When creating a component via TestComponentBuilder the ngOnChanges-Callback is not executed. Having a component like this:

export class TimePickerComponent {

  @Input("time") private timeString = "";

  ngOnInit() {
    console.log("init")
  }
  ngOnChanges(changes) {
    console.log("changes");

    //do some transformation on the timeString- inputbinding
    }
  }
...
}

And creating the component in the test like this:

 it('display passed time in input fields', (done) => {
    tcb
      .createAsync(TimePickerComponent)
      .then(fixture => {
        let timePicker: TimePickerComponent = fixture.componentInstance;
        (<any>timePicker).timeString = "11:20:23";
     //   timePicker.ngOnChanges(null);  ->> needs to be called manually
        fixture.detectChanges();

        let hourInput = fixture.debugElement.query(By.css('#hours > input'));
        expect(hourInput.nativeElement.value).toBe("11");
        done();
      });
  });

the ngOnChanges callback of the component gets never called. (ngOnInit gets called by the way). To fix the test it is currently needed to call ngOnChanges manually…

Expected/desired behavior

ngOnChanges should be called while initializing the component

What is the motivation / use case for changing the behavior?

Being able to test components that use ngOnChanges callback without having to call the method manually

Please tell us about your environment:

  • Angular version: 2.0.0-rc.4
  • Browser: [all ]
  • Language: [all]

About this issue

  • Original URL
  • State: closed
  • Created 8 years ago
  • Reactions: 35
  • Comments: 23 (4 by maintainers)

Commits related to this issue

Most upvoted comments

It burdensome and arguably impractical to create a dummy parent component just to have it pass a value via Input() to trigger ngOnChanges(). This especially true when unit testing.

Why is it that detectChanges() cannot trigger the ngOnChanges() hook?

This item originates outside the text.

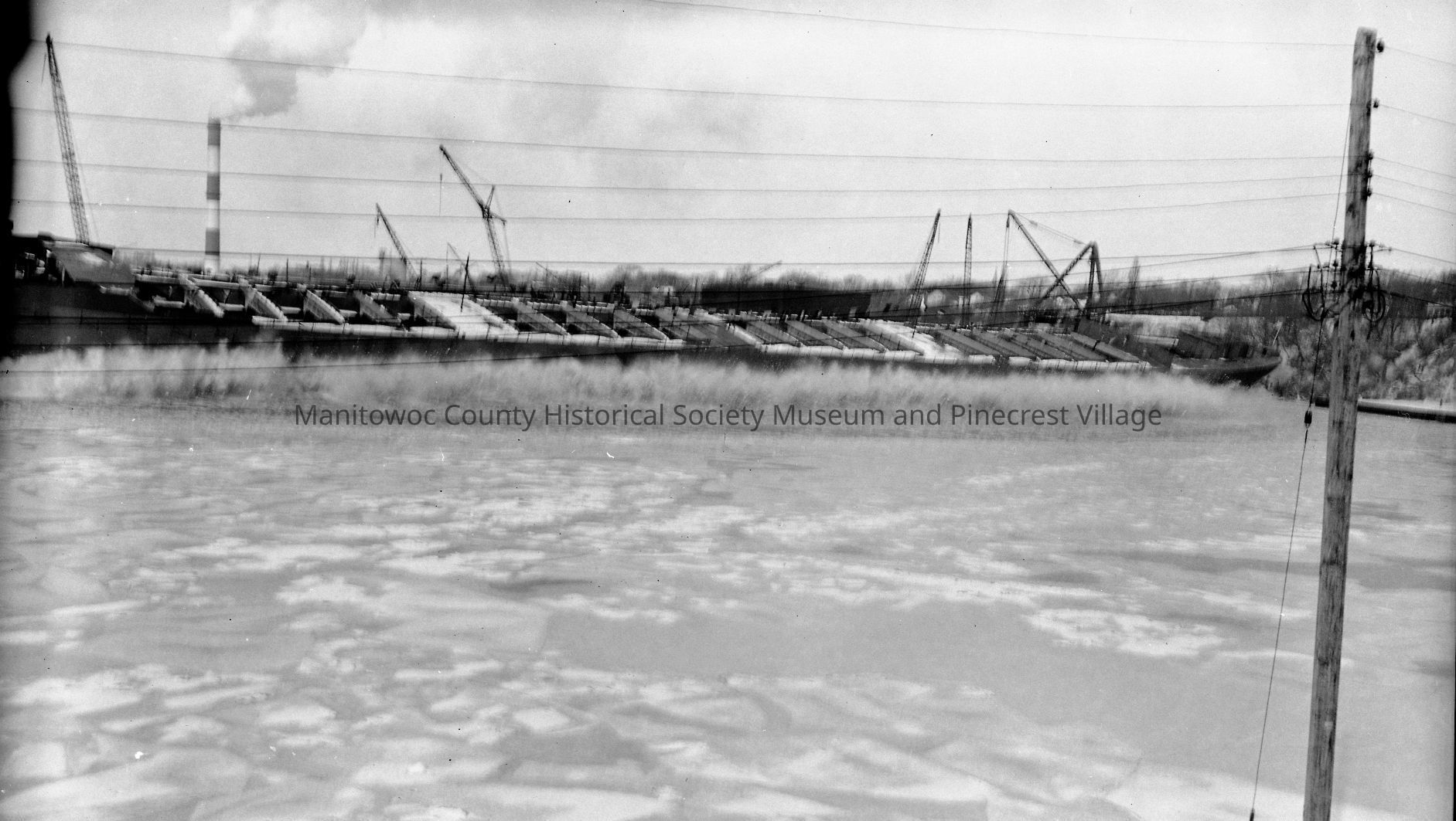 Edward L. Ryerson - hits the water during launch, looking from the west end of Chicago Street. Photograph taken on January 21st, 1960.Made/Created

I would actually expect that fixture.detectChanges(); will trigger the ngOnChange callback as it anyways synchronises the state between the component and the view…

In any case, this needs to be clarified in the docs as suggested by @StdVectorBool.

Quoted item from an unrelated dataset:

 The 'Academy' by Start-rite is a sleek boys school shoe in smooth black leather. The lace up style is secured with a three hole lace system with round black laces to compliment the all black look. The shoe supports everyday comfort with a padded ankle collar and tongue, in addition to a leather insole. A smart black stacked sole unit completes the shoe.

this is still an issue in Angular 2.0 Final Release

I understand why the framework specifies the event model for ngOnChanges that way but the behavior from the testing infrastructure is not intuitive. The majority of comments in the thread suggest the natural expectation is that the test code should automatically be executed in an ngZone as if it was application code.

Granted there are other things in the existing testing infrastructure (fixture.detectChanges(), fakeAsync(), tick()) that already establish a convention that this seamlessness can’t be expected… so perhaps this just needs better documentation in the Testing manual?

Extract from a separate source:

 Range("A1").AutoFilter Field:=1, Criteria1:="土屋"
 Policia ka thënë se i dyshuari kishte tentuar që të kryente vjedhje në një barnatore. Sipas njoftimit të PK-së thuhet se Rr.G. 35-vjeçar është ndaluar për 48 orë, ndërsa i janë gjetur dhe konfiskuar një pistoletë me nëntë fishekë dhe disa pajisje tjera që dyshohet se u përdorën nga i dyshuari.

I’m working with angular 2.1 and still meeting this issue.

Can this issue be reopened, as the angular.io repository has been archived and the docs still need updating.

I’ll throw in a “me to” 😃

Can confirm this bug is still occurring in 7.2.

https://github.com/angular/angular/issues/9866#issuecomment-261631059 is absolutely right. To me it works as expected. If u need to test ngOnChanges without changing component inputs then call it yourself.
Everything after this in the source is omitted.